Task brief - Under this line sits a listing. Repeat exactly and only its lines from the one holding "Globurile si decoratiunile" through the one holding "Antique Edwardian quality"; skip pictures.

****

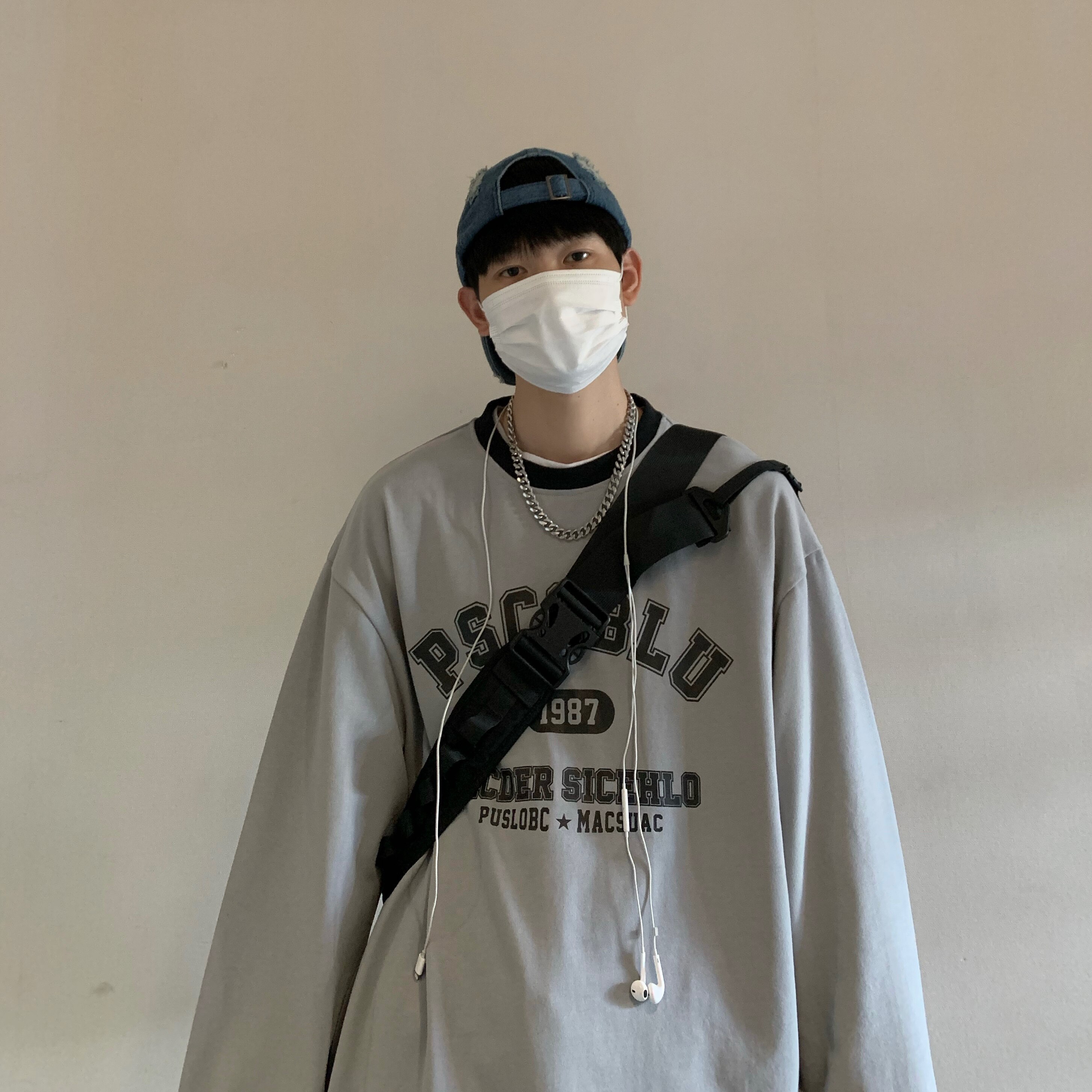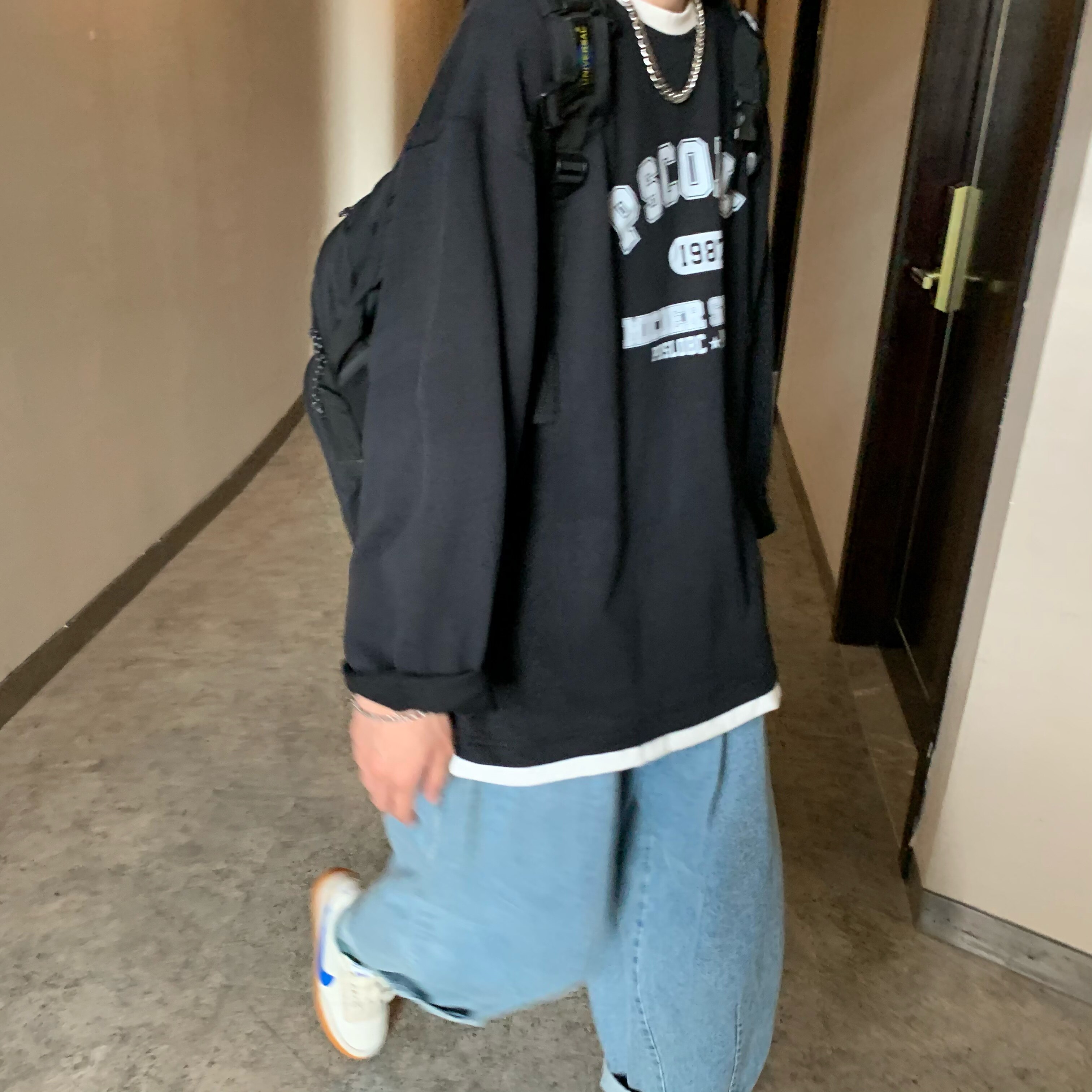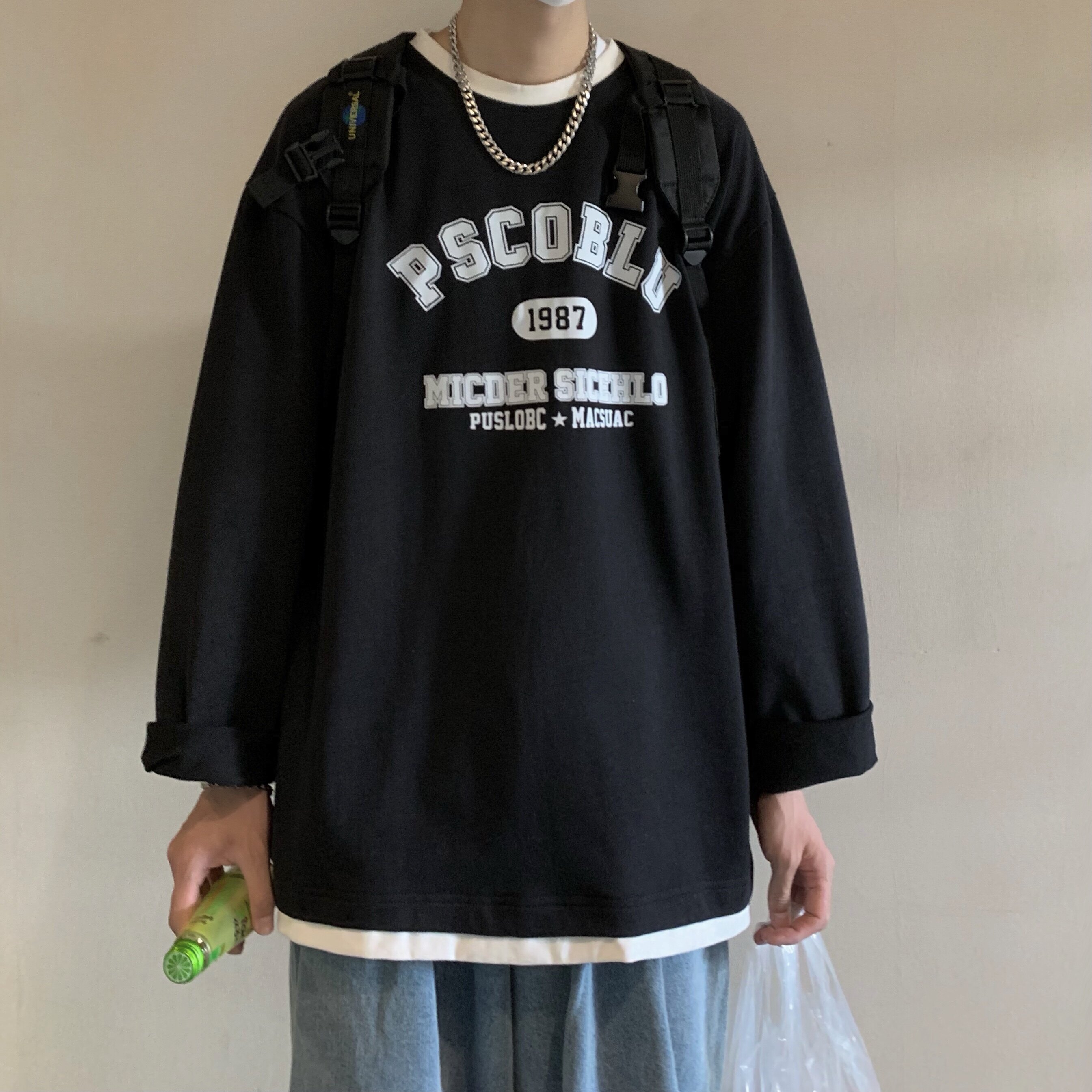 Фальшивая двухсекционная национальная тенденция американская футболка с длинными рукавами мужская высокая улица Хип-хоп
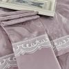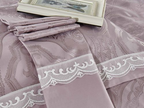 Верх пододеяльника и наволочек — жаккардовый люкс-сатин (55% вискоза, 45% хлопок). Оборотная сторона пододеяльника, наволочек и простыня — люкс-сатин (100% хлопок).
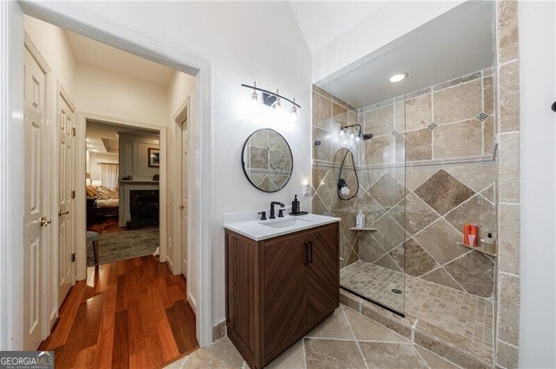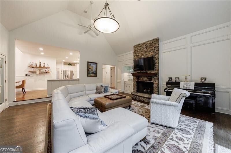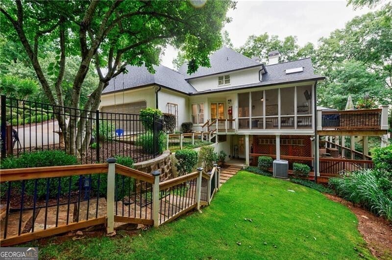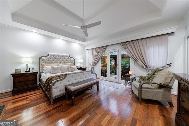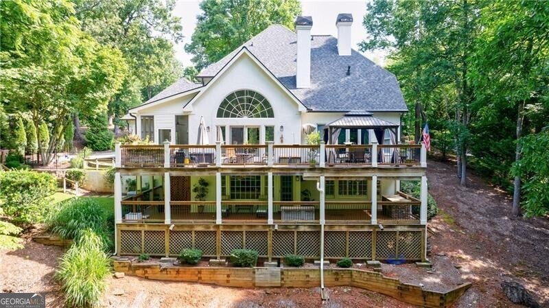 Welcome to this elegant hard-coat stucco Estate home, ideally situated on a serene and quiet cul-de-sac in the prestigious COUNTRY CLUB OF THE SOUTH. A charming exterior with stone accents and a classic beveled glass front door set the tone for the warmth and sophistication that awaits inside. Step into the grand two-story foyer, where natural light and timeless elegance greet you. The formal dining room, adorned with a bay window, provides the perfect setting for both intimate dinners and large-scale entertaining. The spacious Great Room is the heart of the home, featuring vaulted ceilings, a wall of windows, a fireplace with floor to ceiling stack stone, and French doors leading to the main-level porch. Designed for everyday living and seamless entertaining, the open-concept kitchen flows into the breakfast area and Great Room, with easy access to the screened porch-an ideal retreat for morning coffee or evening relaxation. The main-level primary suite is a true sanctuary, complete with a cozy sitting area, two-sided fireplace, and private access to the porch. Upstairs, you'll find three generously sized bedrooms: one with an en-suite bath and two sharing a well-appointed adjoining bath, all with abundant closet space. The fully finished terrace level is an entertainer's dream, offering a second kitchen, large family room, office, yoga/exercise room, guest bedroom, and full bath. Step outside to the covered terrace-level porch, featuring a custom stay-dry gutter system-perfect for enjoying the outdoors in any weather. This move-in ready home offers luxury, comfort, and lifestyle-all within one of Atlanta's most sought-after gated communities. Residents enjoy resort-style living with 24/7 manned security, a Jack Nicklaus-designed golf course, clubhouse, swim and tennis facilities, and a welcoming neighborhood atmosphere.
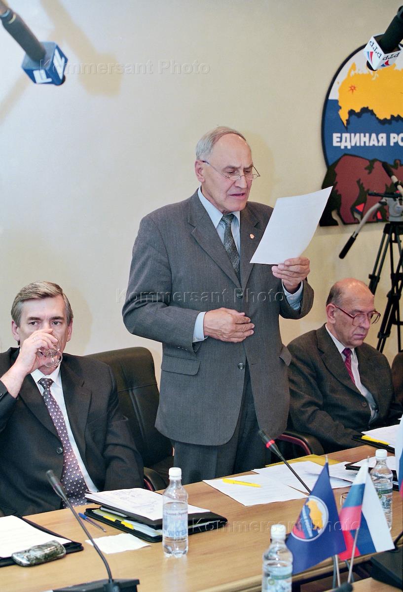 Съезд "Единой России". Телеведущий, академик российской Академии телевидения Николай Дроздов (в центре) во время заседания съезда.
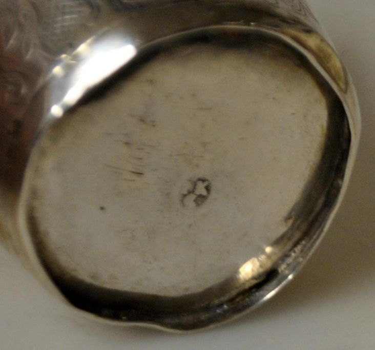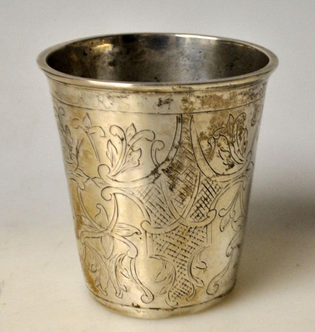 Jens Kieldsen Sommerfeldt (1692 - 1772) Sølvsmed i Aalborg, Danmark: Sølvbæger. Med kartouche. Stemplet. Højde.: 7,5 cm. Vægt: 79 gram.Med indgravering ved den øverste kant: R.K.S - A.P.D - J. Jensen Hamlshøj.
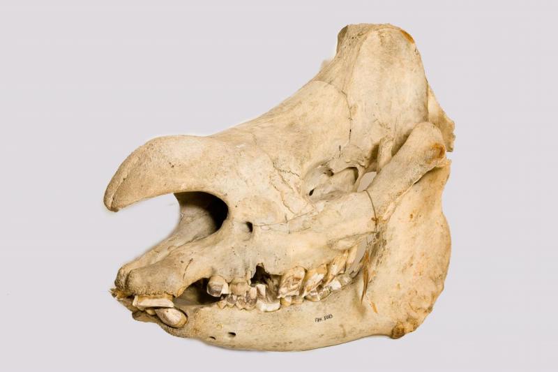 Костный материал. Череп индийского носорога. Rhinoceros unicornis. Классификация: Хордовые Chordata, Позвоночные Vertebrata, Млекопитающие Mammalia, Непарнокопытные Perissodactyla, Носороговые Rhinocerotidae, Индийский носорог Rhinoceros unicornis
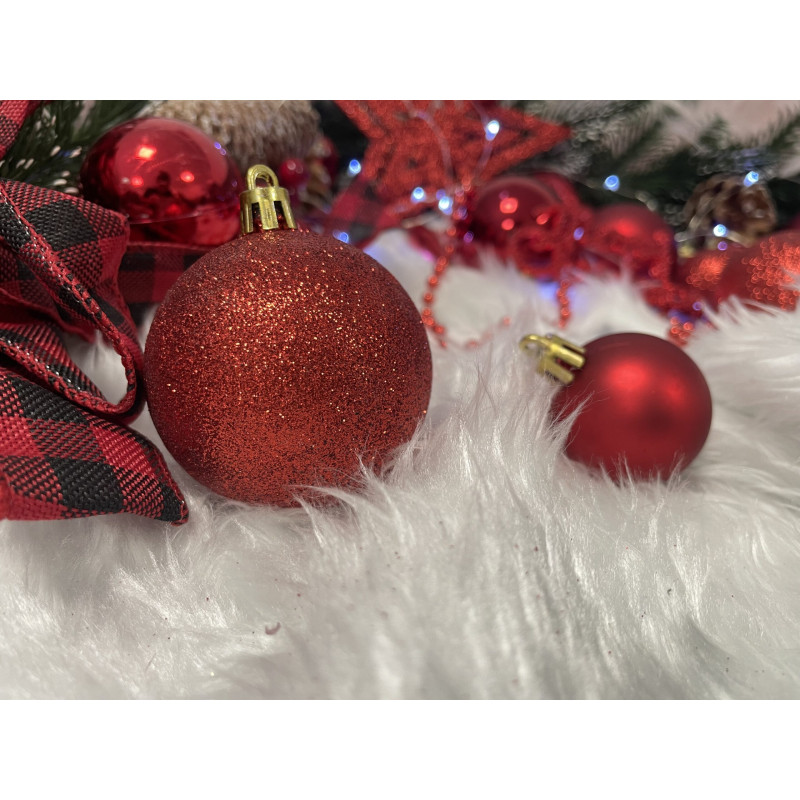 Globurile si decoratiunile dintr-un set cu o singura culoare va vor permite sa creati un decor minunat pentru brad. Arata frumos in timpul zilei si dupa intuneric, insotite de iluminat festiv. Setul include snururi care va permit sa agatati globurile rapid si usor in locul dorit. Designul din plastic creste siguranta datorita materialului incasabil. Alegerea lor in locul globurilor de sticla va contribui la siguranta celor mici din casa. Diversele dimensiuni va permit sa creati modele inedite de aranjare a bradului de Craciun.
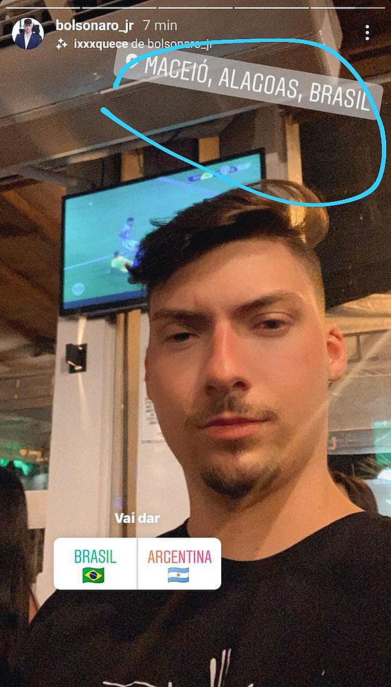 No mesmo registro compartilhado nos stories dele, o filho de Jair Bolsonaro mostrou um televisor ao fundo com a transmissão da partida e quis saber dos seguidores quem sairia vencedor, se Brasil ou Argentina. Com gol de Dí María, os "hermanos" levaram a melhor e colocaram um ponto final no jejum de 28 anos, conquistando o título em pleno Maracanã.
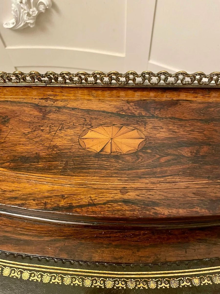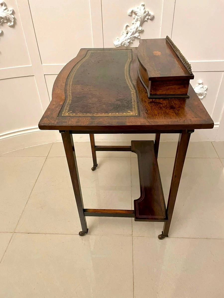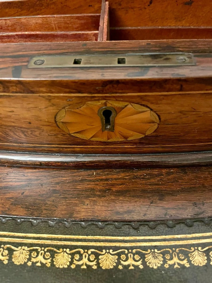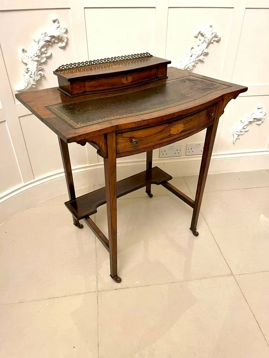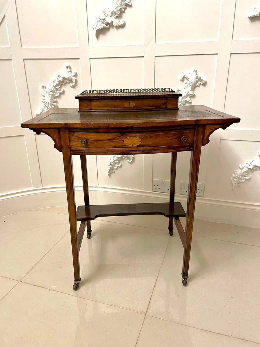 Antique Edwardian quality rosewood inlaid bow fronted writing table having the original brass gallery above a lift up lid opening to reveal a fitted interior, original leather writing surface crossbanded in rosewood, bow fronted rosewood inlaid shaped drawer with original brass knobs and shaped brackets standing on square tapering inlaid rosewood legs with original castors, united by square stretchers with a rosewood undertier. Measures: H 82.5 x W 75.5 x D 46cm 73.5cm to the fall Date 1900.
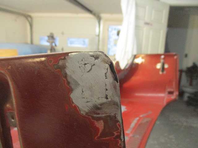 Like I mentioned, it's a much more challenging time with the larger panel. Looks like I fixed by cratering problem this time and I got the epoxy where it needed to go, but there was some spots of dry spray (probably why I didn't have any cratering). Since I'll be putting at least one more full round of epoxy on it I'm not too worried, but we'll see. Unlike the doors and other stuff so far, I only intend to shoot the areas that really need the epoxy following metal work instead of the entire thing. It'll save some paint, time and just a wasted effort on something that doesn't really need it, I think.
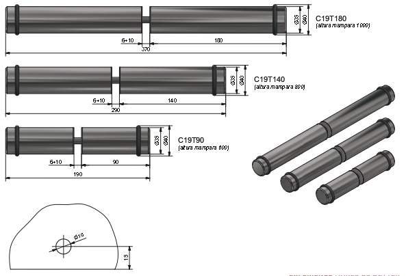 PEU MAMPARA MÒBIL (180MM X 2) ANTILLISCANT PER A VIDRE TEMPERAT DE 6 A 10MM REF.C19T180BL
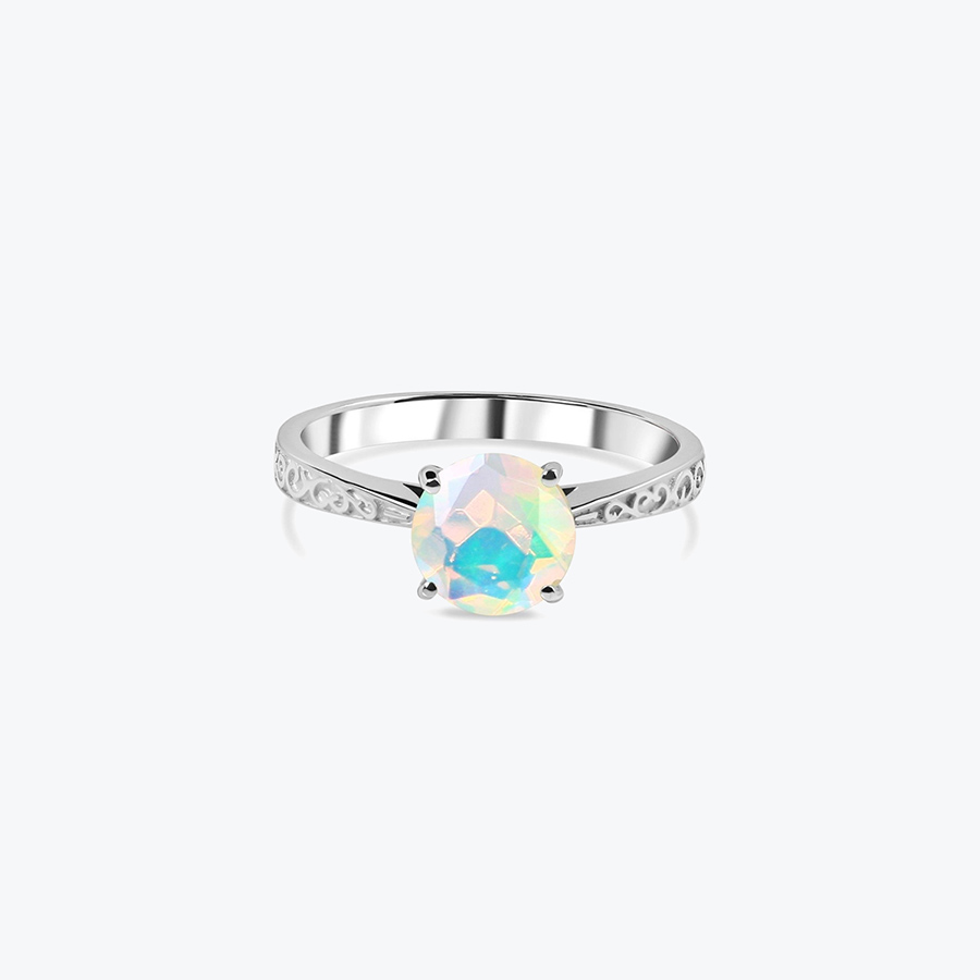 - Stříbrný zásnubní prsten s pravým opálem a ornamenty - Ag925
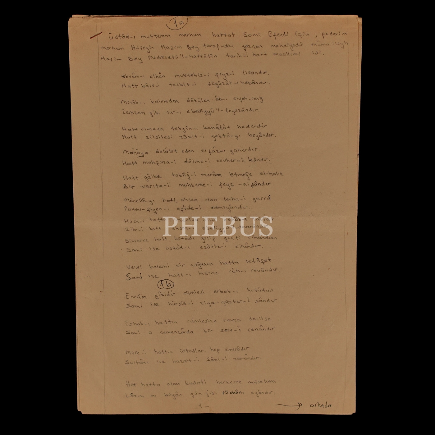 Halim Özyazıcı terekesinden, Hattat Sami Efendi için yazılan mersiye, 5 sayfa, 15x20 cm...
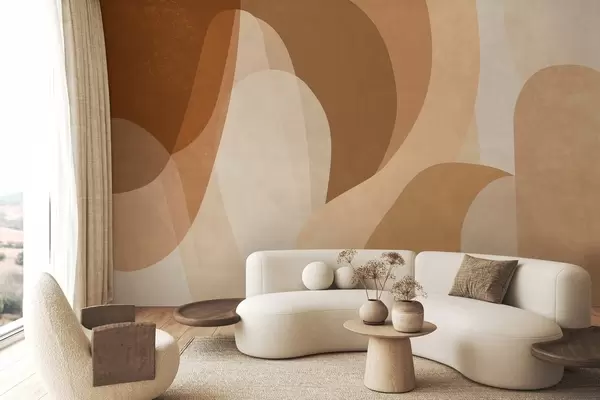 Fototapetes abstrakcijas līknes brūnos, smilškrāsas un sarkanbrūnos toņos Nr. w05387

****

Result for this exercise -
 Globurile si decoratiunile dintr-un set cu o singura culoare va vor permite sa creati un decor minunat pentru brad. Arata frumos in timpul zilei si dupa intuneric, insotite de iluminat festiv. Setul include snururi care va permit sa agatati globurile rapid si usor in locul dorit. Designul din plastic creste siguranta datorita materialului incasabil. Alegerea lor in locul globurilor de sticla va contribui la siguranta celor mici din casa. Diversele dimensiuni va permit sa creati modele inedite de aranjare a bradului de Craciun.
 No mesmo registro compartilhado nos stories dele, o filho de Jair Bolsonaro mostrou um televisor ao fundo com a transmissão da partida e quis saber dos seguidores quem sairia vencedor, se Brasil ou Argentina. Com gol de Dí María, os "hermanos" levaram a melhor e colocaram um ponto final no jejum de 28 anos, conquistando o título em pleno Maracanã.
 Antique Edwardian quality rosewood inlaid bow fronted writing table having the original brass gallery above a lift up lid opening to reveal a fitted interior, original leather writing surface crossbanded in rosewood, bow fronted rosewood inlaid shaped drawer with original brass knobs and shaped brackets standing on square tapering inlaid rosewood legs with original castors, united by square stretchers with a rosewood undertier. Measures: H 82.5 x W 75.5 x D 46cm 73.5cm to the fall Date 1900.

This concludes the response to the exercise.